Set down the first line below and each line after it, ending with the one that holds "Anime Printed Itadori". Pictures do not belong in the copy.
*** Opening DATA ***
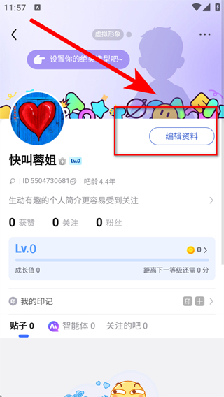 3、在個人主頁中,點擊編輯資料按鈕,進入編輯資料頁面。
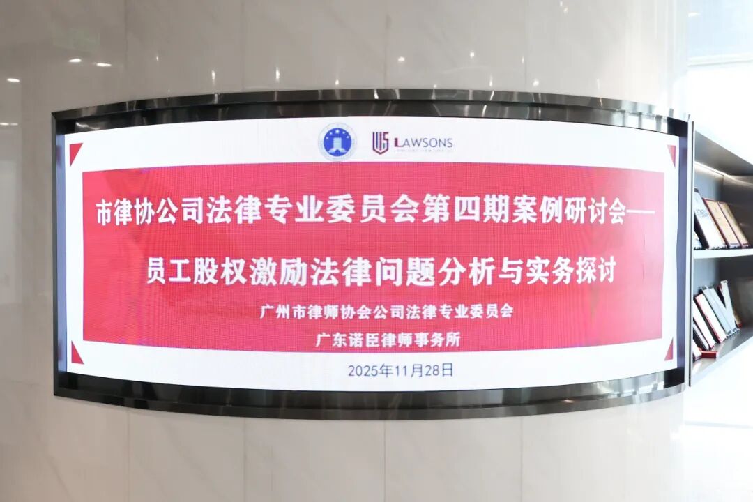 2025年11月28日下午,广东诺臣律师事务所(以下简称“诺臣所”)与广州市律师协会公司法律专业委员会成功举办第四期案例研讨会,主题为“员工股权激励法律问题分析与实务探讨”。本次研讨会聚焦股权激励领域的前沿实务问题,吸引了诸多律师同仁积极参与。研讨会由诺臣所合伙人马盼律师和广东金桥百信律师事务所刘超群律师共同主持。活动围绕股权激励的法律定性、纠纷应对及方案设计三大核心议题展开。
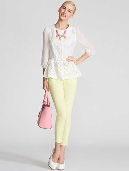 春季镂空白色衬衫,独特雪纺与棉质结合,给人一种扑鼻清香的感觉,随意搭配亮眼嫩黄色裤子,轻松让你时尚百倍,完美展现出女性柔美的一面。
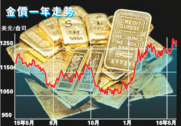 金价自美国去年12月进入加息周期後,大肆上升,由每盎司1047美元一路杀上近期高位1303美元,累升24%。黄金强势主要是因全球经济不稳,市场相信在加息步伐加速前,仍能维持升势。
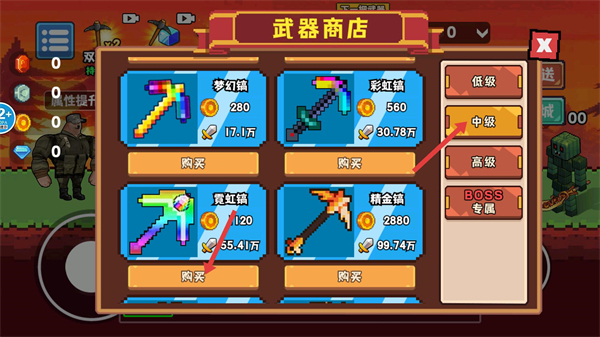 4、切換到中級武器分類,可查看夢幻鎬、彩虹鎬等中級鎬子,消耗對應資源點擊購買,獲取更強力的鎬子,進一步增強挖礦能力。
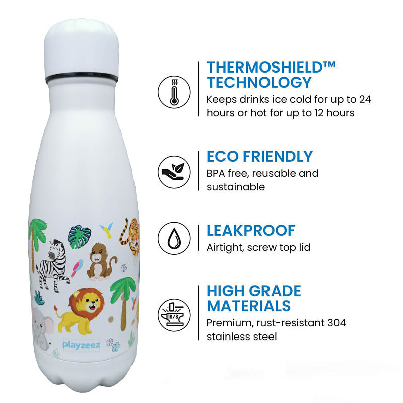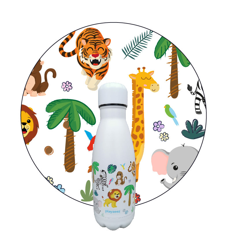 This bespoke Kids Safari Water Bottle' is eco-friendly and sustainable, something we value here at Playzeez. We wanted to bring a collection of kids water bottles into our range that stood out with fun bright designs as well as being practical for everyday use. Our kids safari water bottle makes it an adorable addition that teams well with our range of Animal Character Backpacks
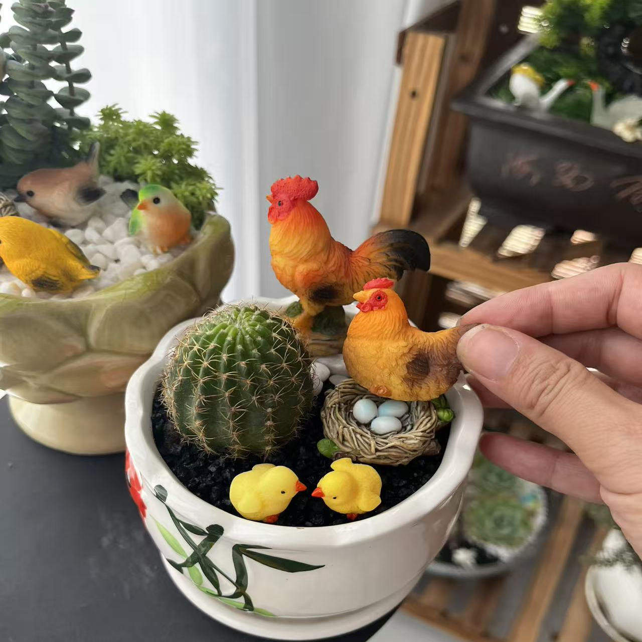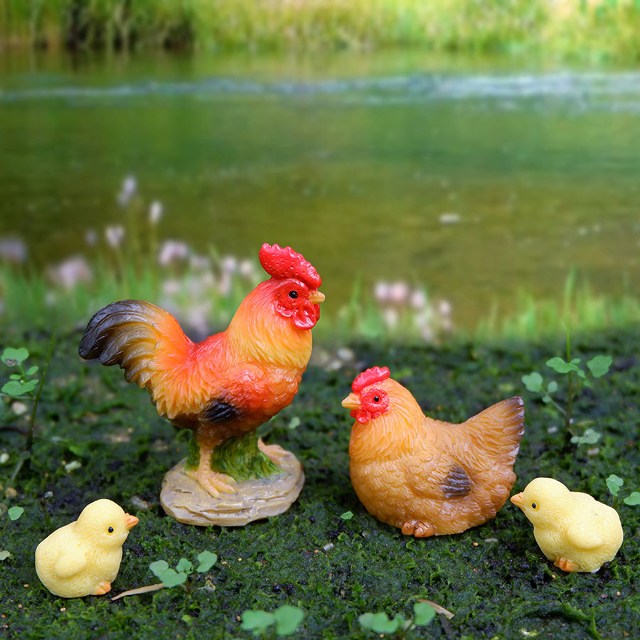 跨境公鸡母鸡 苔藓微景观小鸡工艺品摆件 造景卡通 迷你多肉配饰
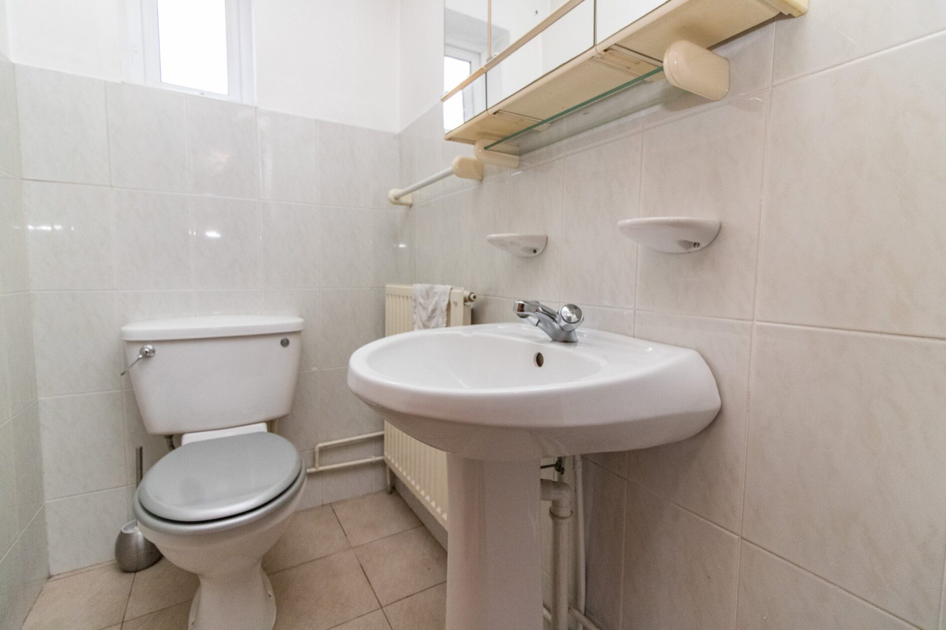 Low level WC and pedestal wash hand basin, radiator, tiled flooring, UPVC sealed double glazed window.
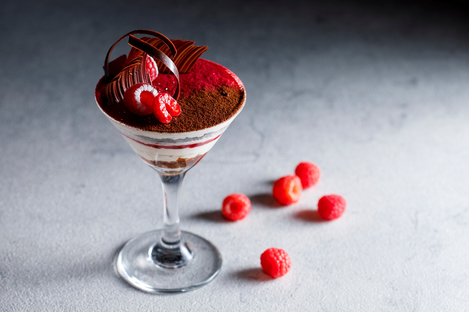 マスカルポーネチーズを贅沢に使った濃厚なクリームに、カマンベール×アールグレイのムースを重ねた、ティラミス仕立ての上品なパフェ。甘酸っぱいフランボワーズやほろ苦いエスプレッソ、ほんのり塩味のムースが重なり合い、ひとさじごとに変化が広がります。素材の調和と奥行きを楽しむ、大人のデザートです。
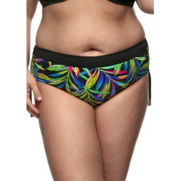 Dámské plavky české značky FANTASY z kolekce Tropic. Kalhotky klasického střihu s vyšším pasem jsou celé podšity. Pas lemuje ozdobný černý pruh. V bocích jsou všity ozdobné šňůrky, kterými lze částečně korigovat výšku kalhotek a řasení. V pase i nohavičkách jsou našity pružné gumičky. Ke kalhotkám lze kombinovat jakoukoliv podprsenku ze stejné kolekce.
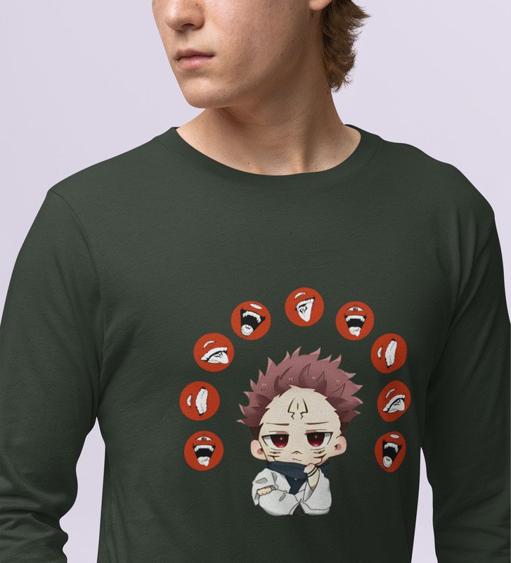 Anime Printed Itadori Cotton Green Full Sleeves Tshirt For Mens and Boys
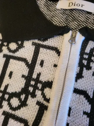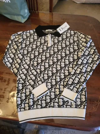 Jersey de punto con el icónico logo de Christian Dior. - Diseño de monograma en blanco y negro. - Cuello tipo polo con cremallera. - Puños y bajo de canalé.
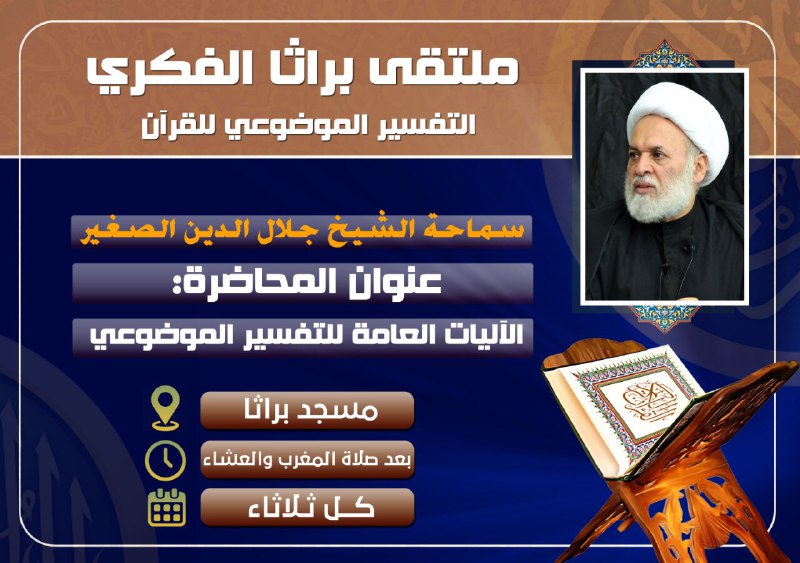 سيكمل سماحة الشيخ الصغير في محاضرة مساء غد الثلاثاء حديثه عن الآليات العامة التي تعتمد في التفسير القرآني، وذلك في ثاني جلسات ملتقى براثا القرآني الذي ابتدأ به منذ الثلاثاء الماضي وذلك في جامع براثا من بعد صلاتي المغرب والعشاء
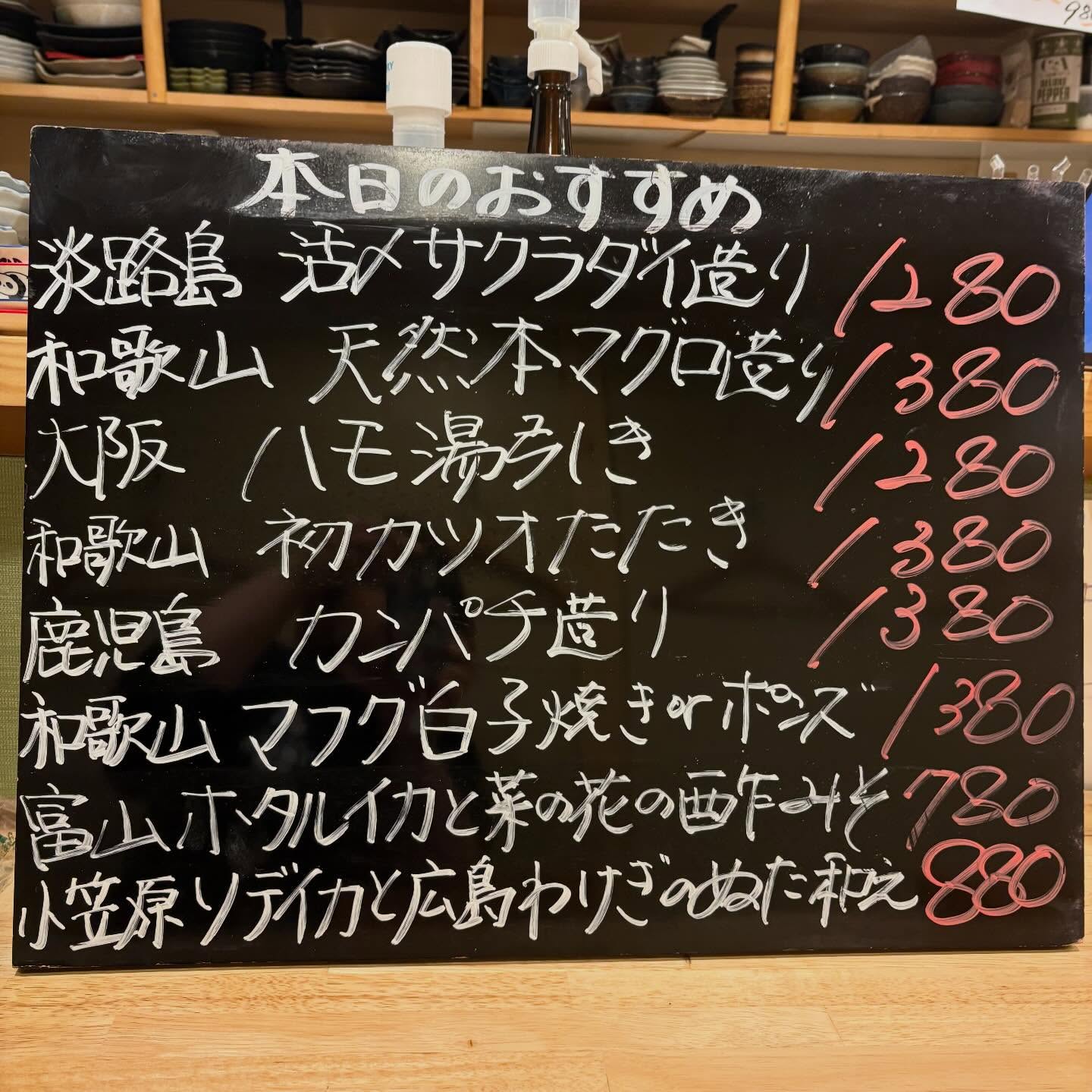 本日のおすすめ ︎淡路島 活〆サクラダイ造り ︎和歌山 天然本…
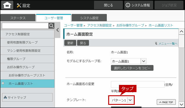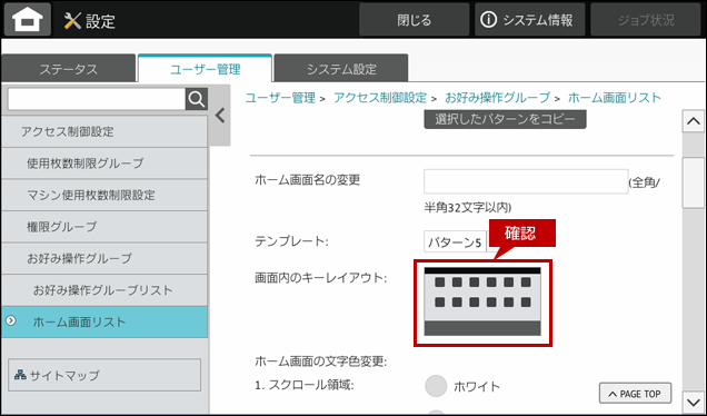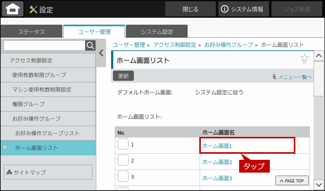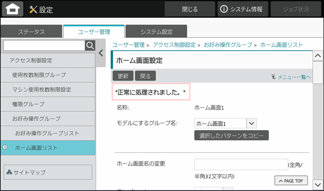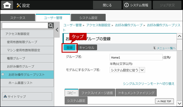 これで、ホーム画面設定の登録が完了しました。次に、お好み操作グループを作成します。
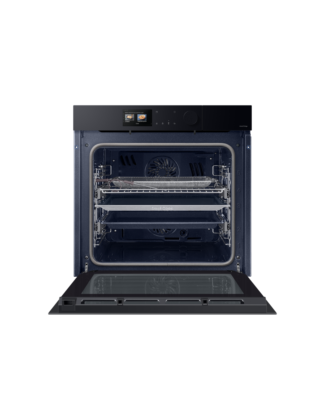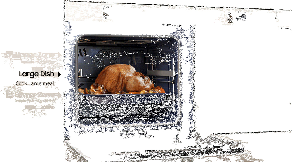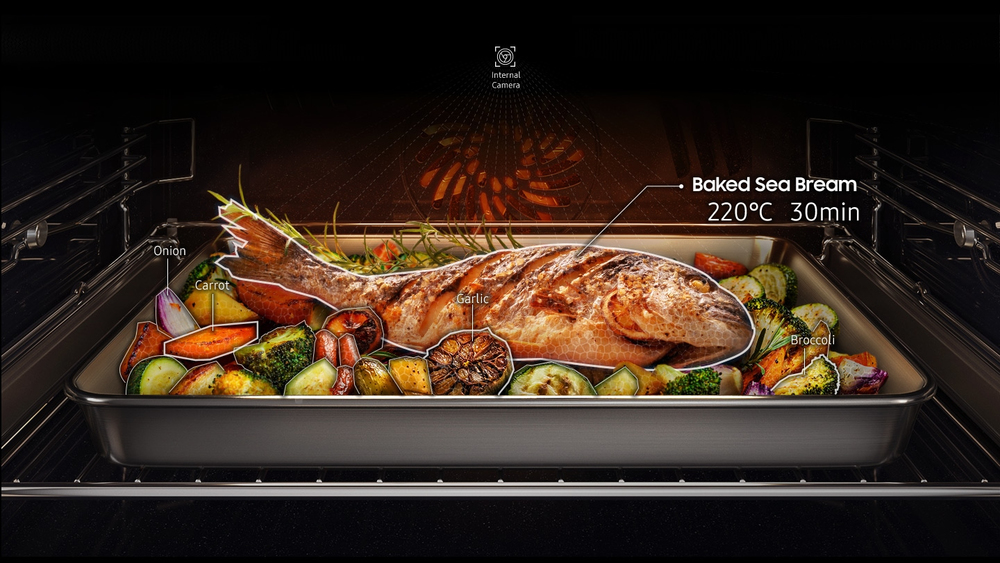Seleziona le tue ricette e porta in tavola pietanze deliziose in meno tempo. Utilizzando una videocamera interna**, la camera intelligente* riconosce gli ingredienti, ti suggerisce le ricette migliori e ottimizza le impostazioni***. Verifica inoltre la cottura dei piatti, insegnandoti a cucinare correttamente i vari alimenti e avvisandoti se rischi di bruciare le tue pietanze****.* Disponibile solo se si utilizza il menu Auto Cook. Tipologia e quantità di alcuni ingredienti non sono riconoscibili.** Disponibile per dispositivi Android e iOS. Sono necessari una connessione Wi-Fi e un account Samsung.*** Procedimento basato su un algoritmo creato tramite AI e non con apprendimento in tempo reale. Una volta individuati gli ingredienti e selezionata la ricetta, se occorre preriscaldare il forno, dovrai rimuovere temporaneamente gli alimenti. Se invece non occorre preriscaldare il forno, potrai procedere immediatamente alla cottura dei cibi individuati.**** Potrebbe non funzionare correttamente con specifici alimenti di colore scuro o se la presenza di un coperchio non consente il riconoscimento del contenuto. In questi casi, controlla tu stesso lo stato di cottura.∗ Scena rappresentata a solo scopo illustrativo. Le immagini presentate possono essere diverse da quelle acquisite dalla fotocamera.
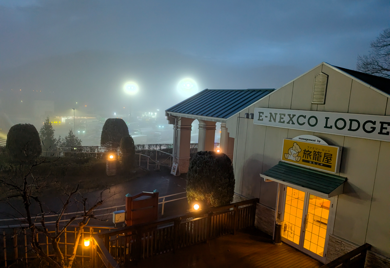 This was the most nostalgia inducing place that I've ever stayed in Japan because it feels very much like a Motel 6 but cleaner and kept to a Japanese standard in many ways. The vending machines weren't great and the only place to buy food when we got there was the little restaurant and souvenir shop that was a small walk away. This day itself was fine and the beds weren't super comfortable but there wasn't anything wrong with them either. It was what's one should expect from a three-star hotel that is located in a service area off of the highway. That said, it did have a lovely foggy/misty/fantastical view for the evening. We stayed on Christmas night actually and they had a Christmas tree in the lobby that made me feel a little bit more at home. One important note was that my husband had said to bring my daughter a toothbrush which made me think that they would give us two toothbrushes, one for each adult. Unfortunately they charge 50 Yen for each toothbrush and I had not brought mine which became a whole other problem. It is meant to be a small and affordable but comfortable enough space to sleep in for those making a long trek, and it was definitely significantly better than driving while too tired to function or pulling over on the side of the road to pass out for a little while.
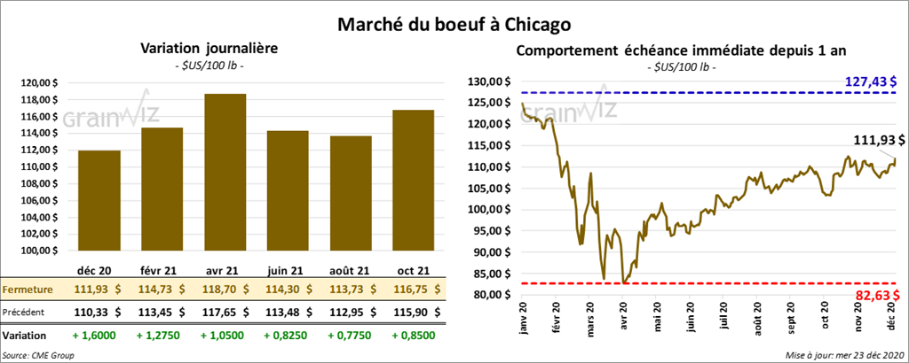 Les contrats de bœuf US aux échéances les plus rapprochées ont fermé en hausse entre 77 cents et 1,27 $. Ceux de veau US aux échéances les plus rapprochées ont aussi terminé la journée dans le vert entre ¾ et 50 cents.
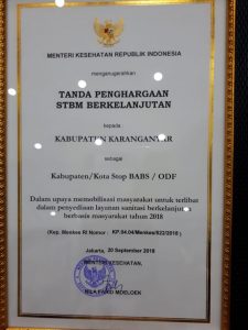 Jakarta 18 Oktober 2018, Pemerintah Kabupaten  Karanganyar menerima penghargaan dari Kementerian Kesehatan sebagai Kabupaten/Kota Stop BABS/ODF dalam upaya memobilisasi masyarakat untuk terlibat dalam penyediaan layanan sanitasi berkelanjutan berbasis masyarakat Tahun 2018.
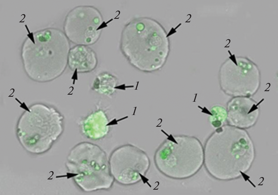 Клетки гемолимфы анадары Броутона Anadara broughtonii исследовали с помощью световой микроскопии, проточной цитометрии и градиентного центрифугирования. Все три метода анализа позволили идентифицировать в гемолимфе двустворчатого моллюска A. broughtonii два основных типа клеток – крупные гранулярные эритроциты и небольшие агранулярные амебоциты. Эритроциты составили 95.6 ± 0.9% от общего количества клеток гемолимфы. Эритроциты представляли собой гемоглобин-содержащие клетки с большим числом гранул в цитоплазме, низким ядерно-цитоплазматическим отношением (ЯЦО) и более низкой интенсивностью клеточного дыхания по сравнению с амебоцитами. Амебоциты – клетки преимущественно неправильной формы с высоким ЯЦО, не содержащие или содержащие не более 10 гранулярных включений в цитоплазме. Все типы гемоцитов, обнаруженные в гемолимфе анадары, продемонстрировали одинаковую способность к спонтанной продукции активных форм кислорода. Впервые показано, что эритроциты анадары Броутона способны к фагоцитозу, однако они поглощали в среднем в 2 раза меньше частиц зимозана (5.3 ± 0.1 шт.), чем амебоциты (10.3 ± 0.7 шт.).
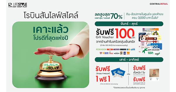 ศูนย์การค้าโรบินสันไลฟ์สไตล์ ในเครือเซ็นทรัล รีเทล ชวนขาช้อปมาสนุกกับทุกโมเมนต์แห่งการให้ช่วงสิ้นเดือนพฤศจิกายนนี้ กับแคมเปญ “Black Friday เคาะแล้วโปรดีที่สุดแห่งปี” ที่ออกแบบมาให้ตอบโจทย์ทุกไลฟ์สไตล์ของลูกค้า ส่งมอบความคุ้มค่าให้สายช้อปทั่วประเทศได้เพลิดเพลินกับสิทธิพิเศษสุดคุ้ม สินค้าทั้งศูนย์การค้าฯ ทั้งห้างฯ ลดสูงสุด 70% (เฉพาะรุ่น / เฉพาะแบรนด์) ทั้งของรางวัลและโปรโมชันพิเศษมากมาย ทั้งช้อป กิน และสนุกกับความบันเทิงครบจบในที่เดียว ตั้งแต่วันที่ 25 พ.ย. 68 – 3 ธ.ค. 68 ที่โรบินสันไลฟ์สไตล์ทุกสาขาทั่วประเทศ
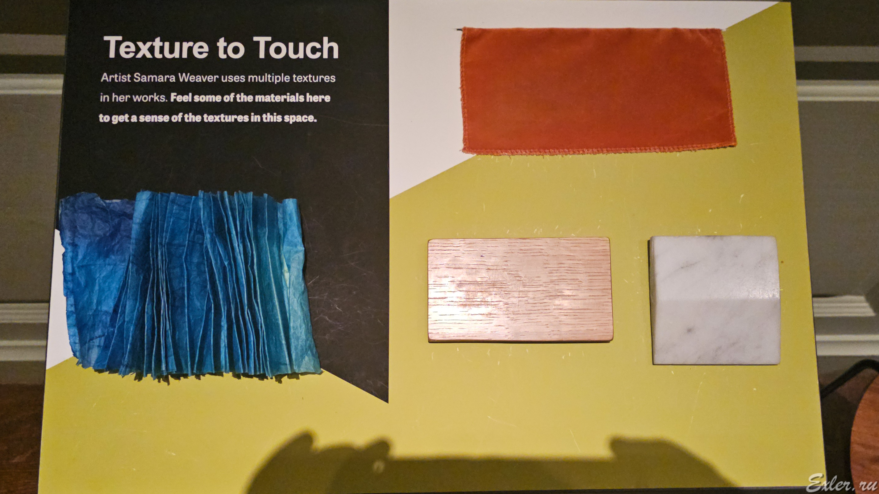 Тоже для детишек: ткани, кусочки дерева и мрамора - чтобы помацать.
*** Closing DATA ***
* [SOLUTION BELOW]:
 3、在個人主頁中,點擊編輯資料按鈕,進入編輯資料頁面。
 2025年11月28日下午,广东诺臣律师事务所(以下简称“诺臣所”)与广州市律师协会公司法律专业委员会成功举办第四期案例研讨会,主题为“员工股权激励法律问题分析与实务探讨”。本次研讨会聚焦股权激励领域的前沿实务问题,吸引了诸多律师同仁积极参与。研讨会由诺臣所合伙人马盼律师和广东金桥百信律师事务所刘超群律师共同主持。活动围绕股权激励的法律定性、纠纷应对及方案设计三大核心议题展开。
 春季镂空白色衬衫,独特雪纺与棉质结合,给人一种扑鼻清香的感觉,随意搭配亮眼嫩黄色裤子,轻松让你时尚百倍,完美展现出女性柔美的一面。
 金价自美国去年12月进入加息周期後,大肆上升,由每盎司1047美元一路杀上近期高位1303美元,累升24%。黄金强势主要是因全球经济不稳,市场相信在加息步伐加速前,仍能维持升势。
 4、切換到中級武器分類,可查看夢幻鎬、彩虹鎬等中級鎬子,消耗對應資源點擊購買,獲取更強力的鎬子,進一步增強挖礦能力。
 This bespoke Kids Safari Water Bottle' is eco-friendly and sustainable, something we value here at Playzeez. We wanted to bring a collection of kids water bottles into our range that stood out with fun bright designs as well as being practical for everyday use. Our kids safari water bottle makes it an adorable addition that teams well with our range of Animal Character Backpacks
 跨境公鸡母鸡 苔藓微景观小鸡工艺品摆件 造景卡通 迷你多肉配饰
 Low level WC and pedestal wash hand basin, radiator, tiled flooring, UPVC sealed double glazed window.
 マスカルポーネチーズを贅沢に使った濃厚なクリームに、カマンベール×アールグレイのムースを重ねた、ティラミス仕立ての上品なパフェ。甘酸っぱいフランボワーズやほろ苦いエスプレッソ、ほんのり塩味のムースが重なり合い、ひとさじごとに変化が広がります。素材の調和と奥行きを楽しむ、大人のデザートです。
 Dámské plavky české značky FANTASY z kolekce Tropic. Kalhotky klasického střihu s vyšším pasem jsou celé podšity. Pas lemuje ozdobný černý pruh. V bocích jsou všity ozdobné šňůrky, kterými lze částečně korigovat výšku kalhotek a řasení. V pase i nohavičkách jsou našity pružné gumičky. Ke kalhotkám lze kombinovat jakoukoliv podprsenku ze stejné kolekce.
 Anime Printed Itadori Cotton Green Full Sleeves Tshirt For Mens and Boys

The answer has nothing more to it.